Daarmee geven B&W nog meer macht af. Grip op die externen heeft men immers niet. Noch kan men beoordelen wat daar achter de schermen gebeurt. Men neemt genoegen met het eindproduct, ongeacht hoe het tot stand is gekomen.
Dat er op deze manier van democratische controle niets meer terecht komt, moge duidelijk zijn. De ontwikkelaars/bouwers maken de dienst uit. Tenminste zo lang een gemeente maar wil bouwen. Je kunt als B&W/lokale politiek ook beslissen om niet meer te willen groeien. Niet meer inwoners en dus meer huizen. Hou het inwonertal stabiel; herbezet vrijkomende woningen en niet meer dan dat. Heeft ook voordelen inzake verkeersoverlast, luchtvervuiling, groen en nog zo meer.

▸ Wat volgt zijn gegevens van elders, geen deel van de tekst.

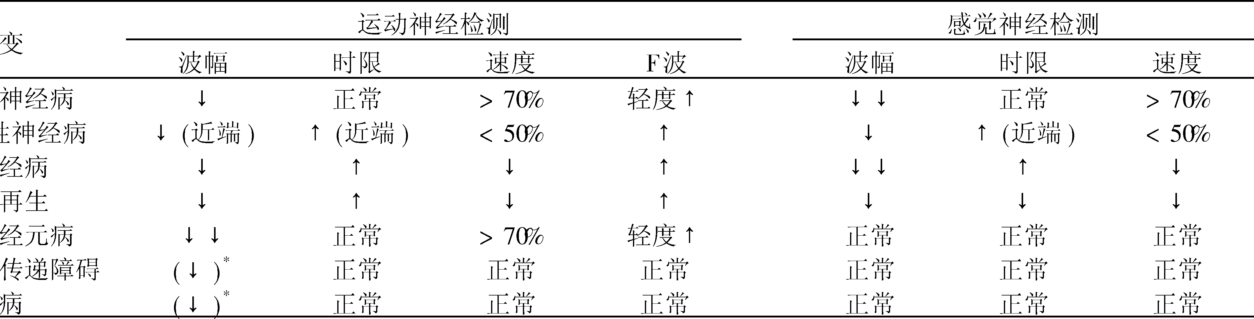 周围性神经肌肉病变时神经传导检测的异常型式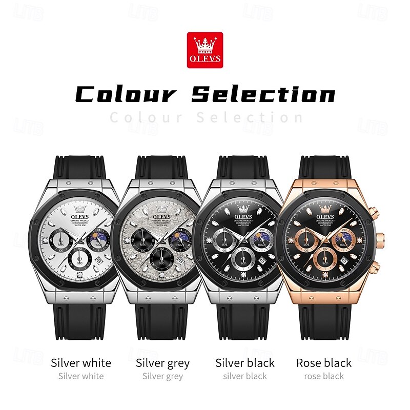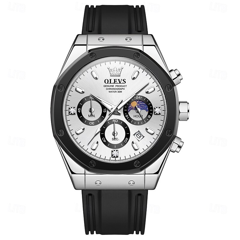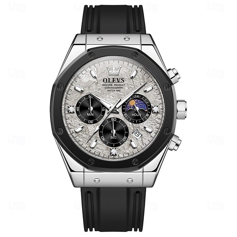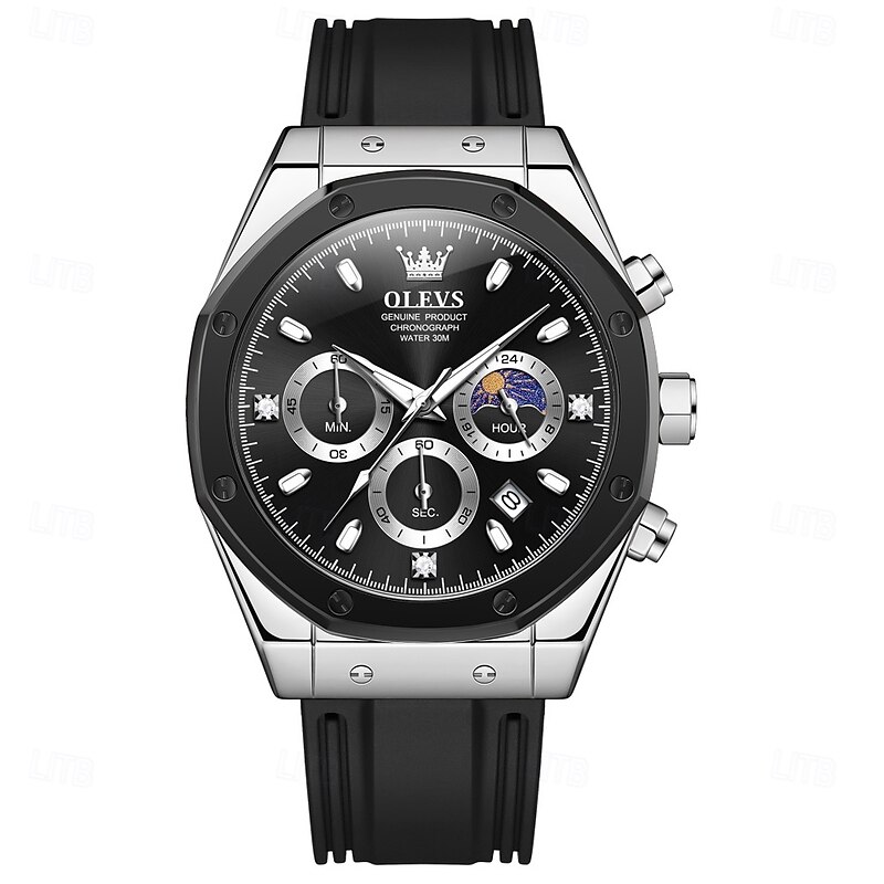 $31.99 - OLEVS 9911 Men's Watches Silicone Strap Waterproof Moon Phase Chronograph Man Watch Luxury Multifunctional Quartz Watch 2025. Shop for cheap Quartz Watches online? Buy at lightinthebox.com on sale today!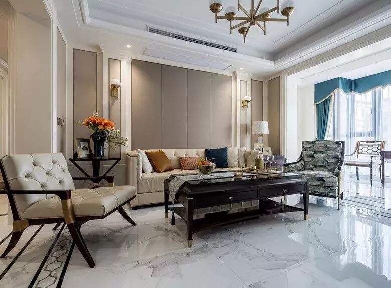 不只是电视背景墙,客厅的地面也很适合铺设大理石瓷砖,明亮的大理石瓷砖带着简单的纹理,搭配精致的软装,这样的客厅谁不爱?

Het kost alleen geld. Elke nieuwe woning levert de gemeentekas zo’n 4000 euro per jaar extra op. Bij een stabiele bevolking zal de gemeente ook genoegen moeten nemen met lagere rijksuitkeringen.
Die prijs betalen om de macht van ontwikkelaars/bouwers te breken is een vraag waarop een politiek antwoord nodig is. Leidschendam-Voorburg kan het met reserves van zo’n 200 miljoen euro op zich doen. Een liberaal stadsbestuur, met de traditioneel warme banden naar de wereld van ontwikkelaars/bouwers, zal er echter niet toe overgaan.
Op naar het ‘Wassenaar aan de Vliet’ want alleen aan luxe woningen is geld te verdienen; niet aan sociale woningbouw. Dat doen ze elders maar, maar niet hier. Wij zijn een ‘groene woongemeente’. Voor de happy few.